Saxon's art often references both the internal geometry of shapes and the external geometry of the picture plane, employing forms such as squares, circles, and crosses. His work is part of the permanent collections of museums in the U.S. and abroad, including the Museum of Modern Art in New York and the National Gallery of Art in Washington, D.C. In addition to his career as an artist, Saxon has also written on abstract art and has been a contributing author to Artforum.

== Life and career ==
Born in San Francisco, Saxon received a B.A. and M.A. in studio art from the University of California, Berkeley. In 1968, he moved to New York where he experimented with various abstract and figurative styles. By 1973, Saxon had committed fully to non-representational art. Between 1974 and 1977, the artist produced the first series of geometrical grid paintings which would inform his later experiments in abstraction.

Photograph showing members of the Radical Painting Group c. 1980 in New York with Erik Saxon on the far left.

=== Radical Painting Group ===
By the late 1970s, Saxon had joined the Radical Painting Group, an artist collective founded by Marcia Hafif and Olivier Mosset in New York. The group became known for creating monochrome paintings, and participating artists were "concerned with the material essence of painting and the participation of the viewer in its experience". Other group members included Günter Umberg, Joseph Marioni, Phil Sims, Dale Henry, Doug Sanderson, Susanna Tanger, Jerry Zeniuk, and Frederic Matys Thursz. In 1982, Saxon produced the first all-white painting, following the earlier art historical precedents of all-white compositions by the Russian avant-garde painter Kazimir Malevich and the American post-war artist Robert Rauschenberg.

In his work as a painter and a writer, Saxon is said to have focused primarily on the "ideas of pure abstract art". Art historian Kavie Barnes notes that Saxon is "quite self-conscious about such issues as authenticity in his personal practice and his relationship to the history of art". According to the critic Sarah Schmerler, who suggested similarities between Minimalism and Saxon's work, the artist is not in favor of following "strict chronology" and each of his paintings is distinguished by its own "perceptual logic" and intensive labor, prompting in turn a "long and deep contemplation" from the spectator. Akin to the Minimalists, as Schmerler points out, Saxon is particular about the specific placement of his works in relation to the viewer. When discussing his own practice and interest in geometry, the artist has pointed to his sustained engagement with the plane, including the "interior plane" of a geometrical shape and the "picture plane" of a painting, while emphasizing the relevance of "primal forms", including a square, circle, and a cross among others.
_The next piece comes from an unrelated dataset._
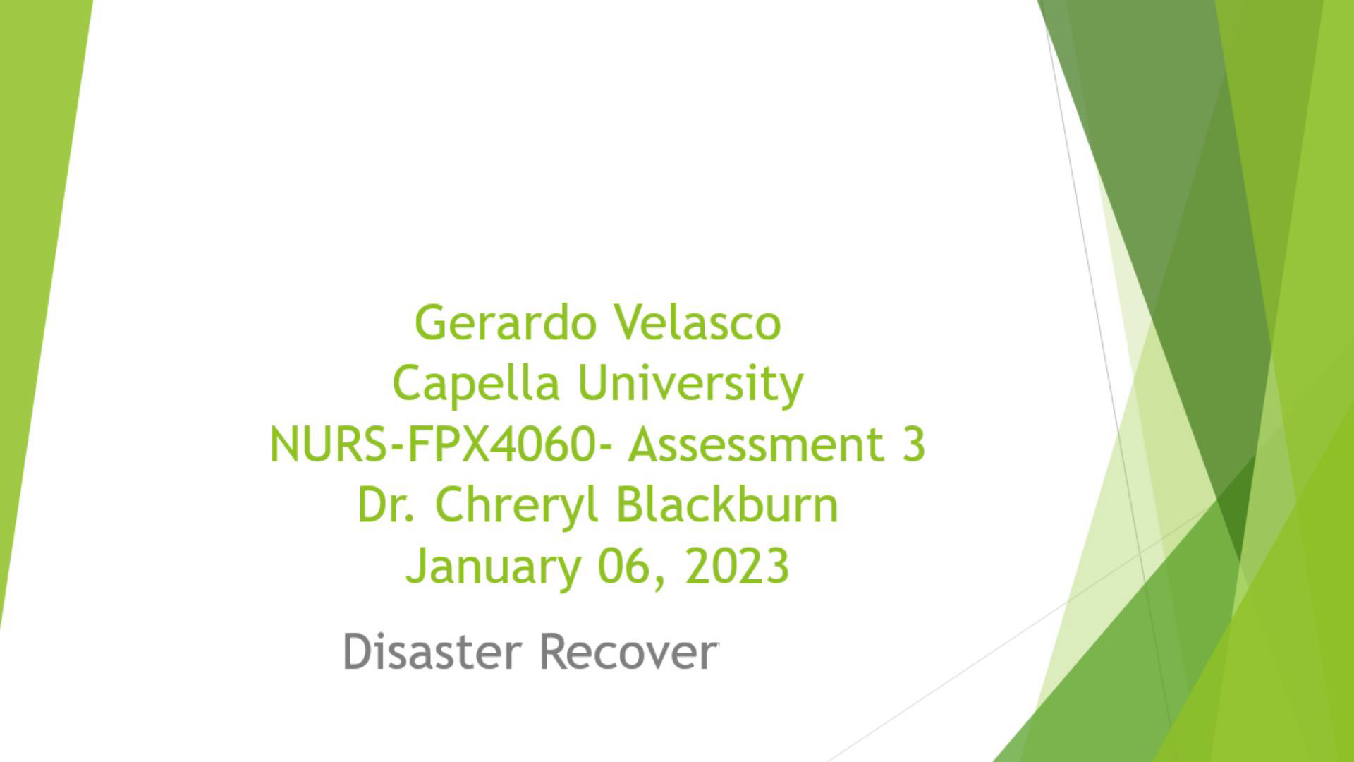 Gerardo Velasco Capella University NURS-FPX4060- Assessment 3 Dr. Chreryl Blackburn January 06, 2023.
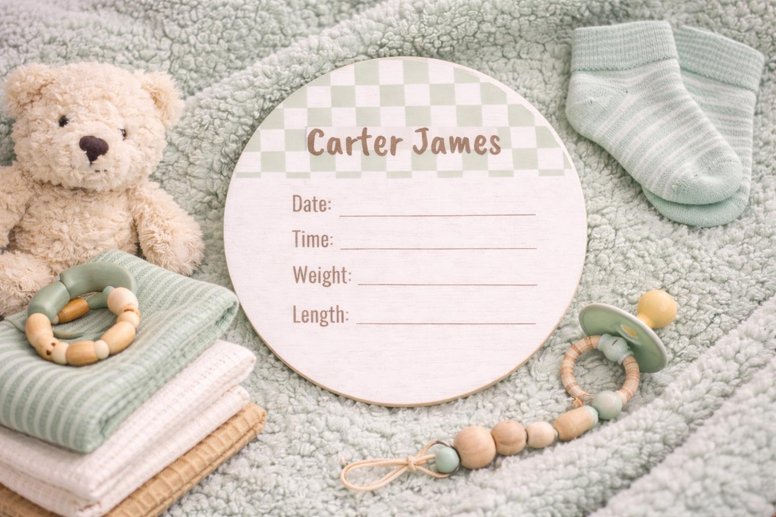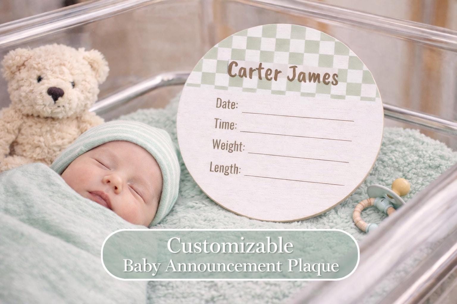 This round wooden birth announcement sign features a soft sage green checker pattern paired with warm, handwritten-style lettering for your baby’s name. Clean lines and a cozy neutral palette make it perfect for today’s modern nurseries while still feeling timeless and heartfelt.

=== Exhibitions and collections ===
He has participated in solo and group exhibitions at Newspace Los Angeles, Galerie L’A in Liege, Belgium, Georgia Museum of Art in Athens, Georgia, Bowdoin College Museum of Art in Brunswick, Maine, Cincinnati Museum of Art, Wilhelm-Hack Museum in Ludwigshafen, Germany, Kunstverein Arnsberg in Germany, Mondriaanhuis in Amersfoort, Netherlands, Museum of Modern Art in Belgrade, Serbia, Museo de Arte Contemporaneo Esteban Vicente in Segovia, Spain, and Museo Cantonale d’Arte in Lugano, Switzerland, among other venues across Europe and the United States. Saxon's work is in permanent collections of several American and European institutions including the Museum of Modern Art in New York, the National Gallery of Art in Washington, DC, Yale University Art Gallery in New Haven, Harvard Art Museums/Fogg Art Museum in Cambridge, Massachusetts, Göteborgs Museum of Art in Sweden, and Museo Cantonale d’Arte in Lugano, Switzerland.